Data extraction and preprocessing

The data for this study were sourced from the DDW, a database compiling information on critically ill COVID-19 patients from 25 ICUs in the Netherlands [13]. The DDW encompasses data on 3464 patients, covering two distinct periods of the pandemic in the Netherlands, often referred to as "wave 1" and "wave 2". These terms denote the first and the second major surge of COVID-19 cases, respectively, each of which saw a dramatic increase in infections. This database boasts more than 200 million individual clinical data points. At the time of this study, a snapshot of the DWWH, containing 3051 patients rather than the full 3464 were used for this experiment. The overall ICU mortality was 24.4%. Respiratory and haemodynamic parameters were among the most commonly recorded, including ventilation mode, prone position and ventilator settings. Medications administration and daily fluid balance were available for most patients. Lab records were widely available. Clinical features were derived using time aggregations applied at 4, 6, h, 24 h time intervals. A list of all available data parameters and features is available in Additional file 1: Appendix SA. Patient admissions were selected based on length of ICU stay, use of invasive mechanical ventilation, and data availability, for reasons described in Fig. 1.

Fig. 1figure 1

Patient selection flowchart

Reinforcement learning problem definition

RL is a computational approach where a computer program, known as an 'agent', learns to make decisions by interacting with an environment, in this case, represented by ICU patient data. The goal of the agent is to maximise a 'reward', which in the ICU context, translates to optimal patient treatment outcomes. RL involves the agent interacting with the environment through 'states', which are snapshots of aggregated patient data over specific time intervals, and 'actions', the medical interventions or treatment decisions. A 'trajectory' pertains to the sequential events and decisions made throughout the entire course of a single patient's admission, encompassing the complete set of states and the corresponding actions executed during that individual's stay in the ICU.
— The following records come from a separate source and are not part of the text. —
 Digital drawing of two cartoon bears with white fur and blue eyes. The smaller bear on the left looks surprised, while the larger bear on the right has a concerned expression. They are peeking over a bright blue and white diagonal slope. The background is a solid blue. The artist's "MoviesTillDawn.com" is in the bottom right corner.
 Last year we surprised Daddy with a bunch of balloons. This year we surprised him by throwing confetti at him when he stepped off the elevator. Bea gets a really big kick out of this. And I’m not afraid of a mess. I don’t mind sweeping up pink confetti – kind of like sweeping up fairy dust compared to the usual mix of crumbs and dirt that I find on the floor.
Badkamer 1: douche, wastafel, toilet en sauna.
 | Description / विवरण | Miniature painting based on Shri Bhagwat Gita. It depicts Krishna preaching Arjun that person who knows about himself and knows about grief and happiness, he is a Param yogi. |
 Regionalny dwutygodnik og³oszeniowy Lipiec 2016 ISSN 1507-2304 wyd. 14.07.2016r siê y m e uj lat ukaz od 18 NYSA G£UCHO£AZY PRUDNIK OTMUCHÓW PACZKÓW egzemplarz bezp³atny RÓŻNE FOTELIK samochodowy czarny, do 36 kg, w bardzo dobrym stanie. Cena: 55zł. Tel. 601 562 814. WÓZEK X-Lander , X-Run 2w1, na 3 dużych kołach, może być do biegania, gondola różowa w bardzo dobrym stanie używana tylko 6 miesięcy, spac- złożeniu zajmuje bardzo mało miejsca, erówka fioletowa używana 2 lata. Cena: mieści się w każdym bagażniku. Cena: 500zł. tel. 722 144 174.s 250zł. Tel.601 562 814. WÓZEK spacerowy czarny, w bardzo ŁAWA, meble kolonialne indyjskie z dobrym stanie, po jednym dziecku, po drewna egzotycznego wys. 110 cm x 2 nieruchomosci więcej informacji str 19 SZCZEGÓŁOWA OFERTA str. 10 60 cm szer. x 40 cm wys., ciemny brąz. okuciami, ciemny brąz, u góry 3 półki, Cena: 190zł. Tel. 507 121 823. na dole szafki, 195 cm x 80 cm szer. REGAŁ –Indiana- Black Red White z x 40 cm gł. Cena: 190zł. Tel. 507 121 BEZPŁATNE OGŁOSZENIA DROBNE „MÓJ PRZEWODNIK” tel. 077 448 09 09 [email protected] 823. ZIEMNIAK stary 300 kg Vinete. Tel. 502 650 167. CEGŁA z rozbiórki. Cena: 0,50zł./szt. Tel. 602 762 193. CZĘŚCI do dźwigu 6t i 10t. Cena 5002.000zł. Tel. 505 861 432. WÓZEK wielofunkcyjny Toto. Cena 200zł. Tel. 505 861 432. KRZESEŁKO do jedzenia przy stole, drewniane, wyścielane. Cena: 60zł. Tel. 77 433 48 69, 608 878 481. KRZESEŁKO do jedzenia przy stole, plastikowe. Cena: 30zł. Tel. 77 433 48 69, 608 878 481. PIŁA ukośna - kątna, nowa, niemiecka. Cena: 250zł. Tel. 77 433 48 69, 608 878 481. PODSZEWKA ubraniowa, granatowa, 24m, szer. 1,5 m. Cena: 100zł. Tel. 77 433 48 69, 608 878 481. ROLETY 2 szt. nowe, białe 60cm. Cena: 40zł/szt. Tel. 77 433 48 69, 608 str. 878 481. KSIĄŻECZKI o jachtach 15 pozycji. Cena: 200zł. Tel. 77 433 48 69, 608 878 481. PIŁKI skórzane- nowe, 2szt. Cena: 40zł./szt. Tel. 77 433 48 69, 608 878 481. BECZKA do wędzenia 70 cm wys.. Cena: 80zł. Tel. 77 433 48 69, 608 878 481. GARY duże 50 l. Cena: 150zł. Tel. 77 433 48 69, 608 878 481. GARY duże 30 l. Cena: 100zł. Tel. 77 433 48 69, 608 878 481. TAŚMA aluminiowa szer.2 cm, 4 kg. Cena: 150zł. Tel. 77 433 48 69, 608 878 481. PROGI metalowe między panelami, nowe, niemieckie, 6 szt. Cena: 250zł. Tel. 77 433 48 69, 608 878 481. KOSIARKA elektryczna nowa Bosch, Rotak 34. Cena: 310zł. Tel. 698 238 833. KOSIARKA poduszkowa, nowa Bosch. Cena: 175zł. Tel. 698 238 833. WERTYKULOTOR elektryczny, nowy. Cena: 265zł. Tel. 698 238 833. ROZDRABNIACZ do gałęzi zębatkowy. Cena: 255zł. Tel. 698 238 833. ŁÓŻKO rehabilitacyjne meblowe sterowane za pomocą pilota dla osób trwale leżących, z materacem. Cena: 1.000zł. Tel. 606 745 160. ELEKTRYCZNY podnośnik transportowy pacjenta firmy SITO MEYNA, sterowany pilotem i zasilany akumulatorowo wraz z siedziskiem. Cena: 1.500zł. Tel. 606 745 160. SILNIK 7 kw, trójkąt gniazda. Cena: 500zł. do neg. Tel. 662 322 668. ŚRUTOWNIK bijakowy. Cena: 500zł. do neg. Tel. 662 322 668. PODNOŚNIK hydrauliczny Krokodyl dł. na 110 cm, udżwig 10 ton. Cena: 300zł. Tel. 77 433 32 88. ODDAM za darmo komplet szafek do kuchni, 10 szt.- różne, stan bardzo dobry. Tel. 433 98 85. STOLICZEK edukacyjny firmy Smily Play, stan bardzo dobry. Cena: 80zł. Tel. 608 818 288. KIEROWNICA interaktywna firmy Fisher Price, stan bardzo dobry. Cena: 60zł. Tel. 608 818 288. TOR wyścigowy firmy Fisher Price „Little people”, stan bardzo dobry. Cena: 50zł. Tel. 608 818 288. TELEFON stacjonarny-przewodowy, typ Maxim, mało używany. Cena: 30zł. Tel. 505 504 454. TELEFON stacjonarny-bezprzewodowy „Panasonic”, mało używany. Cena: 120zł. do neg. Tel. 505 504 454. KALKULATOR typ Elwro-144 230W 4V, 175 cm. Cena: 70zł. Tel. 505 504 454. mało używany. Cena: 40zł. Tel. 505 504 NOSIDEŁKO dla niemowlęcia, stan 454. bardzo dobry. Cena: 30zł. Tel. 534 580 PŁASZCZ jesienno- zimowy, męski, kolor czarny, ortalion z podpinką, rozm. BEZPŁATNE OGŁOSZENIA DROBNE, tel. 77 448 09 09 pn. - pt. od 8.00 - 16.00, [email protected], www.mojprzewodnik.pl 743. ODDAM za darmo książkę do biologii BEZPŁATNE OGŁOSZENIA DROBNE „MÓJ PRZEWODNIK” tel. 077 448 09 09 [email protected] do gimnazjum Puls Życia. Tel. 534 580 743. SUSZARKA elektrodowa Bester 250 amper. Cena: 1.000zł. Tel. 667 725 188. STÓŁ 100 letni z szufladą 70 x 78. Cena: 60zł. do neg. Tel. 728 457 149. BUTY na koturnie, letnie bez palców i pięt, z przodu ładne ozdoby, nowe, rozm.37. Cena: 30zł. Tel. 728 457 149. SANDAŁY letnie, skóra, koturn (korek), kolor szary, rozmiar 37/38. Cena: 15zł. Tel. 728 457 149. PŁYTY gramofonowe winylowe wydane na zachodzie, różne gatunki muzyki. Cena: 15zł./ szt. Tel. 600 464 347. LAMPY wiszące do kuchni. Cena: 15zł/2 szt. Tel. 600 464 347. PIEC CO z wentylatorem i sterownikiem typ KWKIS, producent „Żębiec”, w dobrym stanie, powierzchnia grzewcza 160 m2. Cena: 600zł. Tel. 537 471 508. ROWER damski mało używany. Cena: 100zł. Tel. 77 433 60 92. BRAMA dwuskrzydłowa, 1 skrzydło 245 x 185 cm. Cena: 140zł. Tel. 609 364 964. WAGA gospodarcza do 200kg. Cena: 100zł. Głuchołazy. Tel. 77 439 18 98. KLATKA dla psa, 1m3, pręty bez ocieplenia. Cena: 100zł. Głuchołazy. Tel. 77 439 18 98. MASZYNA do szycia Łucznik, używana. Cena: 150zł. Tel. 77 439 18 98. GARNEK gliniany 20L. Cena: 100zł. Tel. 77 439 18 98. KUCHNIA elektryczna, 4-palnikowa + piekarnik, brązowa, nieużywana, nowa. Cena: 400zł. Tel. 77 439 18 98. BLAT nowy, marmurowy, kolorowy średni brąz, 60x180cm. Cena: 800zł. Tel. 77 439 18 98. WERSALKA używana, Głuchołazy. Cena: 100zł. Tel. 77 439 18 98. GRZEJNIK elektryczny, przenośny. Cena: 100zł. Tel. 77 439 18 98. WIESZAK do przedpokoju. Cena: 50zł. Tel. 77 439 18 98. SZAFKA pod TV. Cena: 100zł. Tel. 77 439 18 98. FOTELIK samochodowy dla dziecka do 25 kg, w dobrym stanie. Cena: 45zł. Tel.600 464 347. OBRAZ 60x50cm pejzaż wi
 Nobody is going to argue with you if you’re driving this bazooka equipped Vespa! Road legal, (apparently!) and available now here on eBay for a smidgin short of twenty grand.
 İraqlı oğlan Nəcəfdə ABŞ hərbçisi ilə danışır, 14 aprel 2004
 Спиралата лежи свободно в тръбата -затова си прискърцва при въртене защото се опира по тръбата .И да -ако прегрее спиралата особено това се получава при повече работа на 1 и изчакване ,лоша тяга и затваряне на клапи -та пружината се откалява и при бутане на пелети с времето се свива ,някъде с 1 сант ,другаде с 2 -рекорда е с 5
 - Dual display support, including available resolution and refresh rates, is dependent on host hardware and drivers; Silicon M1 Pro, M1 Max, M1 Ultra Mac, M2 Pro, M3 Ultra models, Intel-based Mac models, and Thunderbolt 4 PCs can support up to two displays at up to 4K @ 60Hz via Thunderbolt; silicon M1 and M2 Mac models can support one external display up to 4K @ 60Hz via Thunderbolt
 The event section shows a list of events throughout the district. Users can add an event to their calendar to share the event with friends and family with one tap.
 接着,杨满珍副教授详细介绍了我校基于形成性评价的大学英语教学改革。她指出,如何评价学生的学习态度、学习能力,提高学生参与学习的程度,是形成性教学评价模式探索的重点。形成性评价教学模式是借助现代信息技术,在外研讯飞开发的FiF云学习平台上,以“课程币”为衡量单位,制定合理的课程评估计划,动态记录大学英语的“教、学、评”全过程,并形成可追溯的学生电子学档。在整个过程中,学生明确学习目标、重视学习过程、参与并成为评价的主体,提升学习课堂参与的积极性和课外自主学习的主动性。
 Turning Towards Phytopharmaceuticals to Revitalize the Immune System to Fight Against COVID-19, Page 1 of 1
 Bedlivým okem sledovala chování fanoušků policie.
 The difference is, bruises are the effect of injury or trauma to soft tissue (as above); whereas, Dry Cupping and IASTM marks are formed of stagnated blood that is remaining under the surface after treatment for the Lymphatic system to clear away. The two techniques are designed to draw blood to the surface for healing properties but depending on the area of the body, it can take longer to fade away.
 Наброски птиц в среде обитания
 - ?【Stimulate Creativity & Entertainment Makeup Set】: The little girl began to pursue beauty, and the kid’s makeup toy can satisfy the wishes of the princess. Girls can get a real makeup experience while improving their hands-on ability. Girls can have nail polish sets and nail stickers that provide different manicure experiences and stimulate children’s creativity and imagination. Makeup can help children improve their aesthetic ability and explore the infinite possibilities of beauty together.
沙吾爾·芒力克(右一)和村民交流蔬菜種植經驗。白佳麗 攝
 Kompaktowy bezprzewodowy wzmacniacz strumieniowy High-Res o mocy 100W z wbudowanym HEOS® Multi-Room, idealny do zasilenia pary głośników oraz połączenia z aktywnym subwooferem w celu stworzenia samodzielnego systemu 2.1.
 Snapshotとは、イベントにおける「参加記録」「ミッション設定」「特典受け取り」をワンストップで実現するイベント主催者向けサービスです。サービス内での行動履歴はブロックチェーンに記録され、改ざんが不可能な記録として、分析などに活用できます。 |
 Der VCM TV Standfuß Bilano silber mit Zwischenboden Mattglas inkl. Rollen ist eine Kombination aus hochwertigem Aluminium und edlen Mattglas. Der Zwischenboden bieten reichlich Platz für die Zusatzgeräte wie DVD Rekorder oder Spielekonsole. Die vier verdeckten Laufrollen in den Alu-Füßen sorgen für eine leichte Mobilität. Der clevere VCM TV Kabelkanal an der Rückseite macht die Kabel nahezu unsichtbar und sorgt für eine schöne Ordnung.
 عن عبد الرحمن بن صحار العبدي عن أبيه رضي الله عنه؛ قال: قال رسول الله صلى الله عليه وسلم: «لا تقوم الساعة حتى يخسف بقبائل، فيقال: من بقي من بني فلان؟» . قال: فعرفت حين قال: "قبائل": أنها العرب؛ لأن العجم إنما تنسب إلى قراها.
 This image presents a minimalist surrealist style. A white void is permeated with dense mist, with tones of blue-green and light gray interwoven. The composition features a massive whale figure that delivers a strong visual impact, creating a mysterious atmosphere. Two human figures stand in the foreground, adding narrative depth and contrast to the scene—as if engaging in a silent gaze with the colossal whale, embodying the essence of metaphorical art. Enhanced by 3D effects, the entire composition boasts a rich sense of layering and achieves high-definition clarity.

Q-learning, an off-policy algorithm in RL, learns optimal decision strategies even from suboptimal actions. In the ICU, this means it can learn effective treatment strategies by analysing both optimal and non-optimal medical decisions made by healthcare professionals. This ability is crucial as it allows for learning from a wide range of historical real-world ICU scenarios without the need for experimental interventions on patients. In Q-learning, a function known as Q(s, a) estimates the utility of taking a particular action (a) in a given state (s), and then following the optimal strategy thereafter.

This section outlines the specific components of our model: the state space, action space, and reward structure, integral to our RL approach.

The state space defines the range of all possible conditions that an ICU patient can experience, as represented by a comprehensive combination of key clinical indicators and measurements. We used one-hour time steps and combined ventilator sensor data, medication records, clinical scores, and laboratory results into one state space. Missing values were imputed using the carry-forward method, up to clinical cut-offs; see Additional file 1: Appendix SA for the full list of features.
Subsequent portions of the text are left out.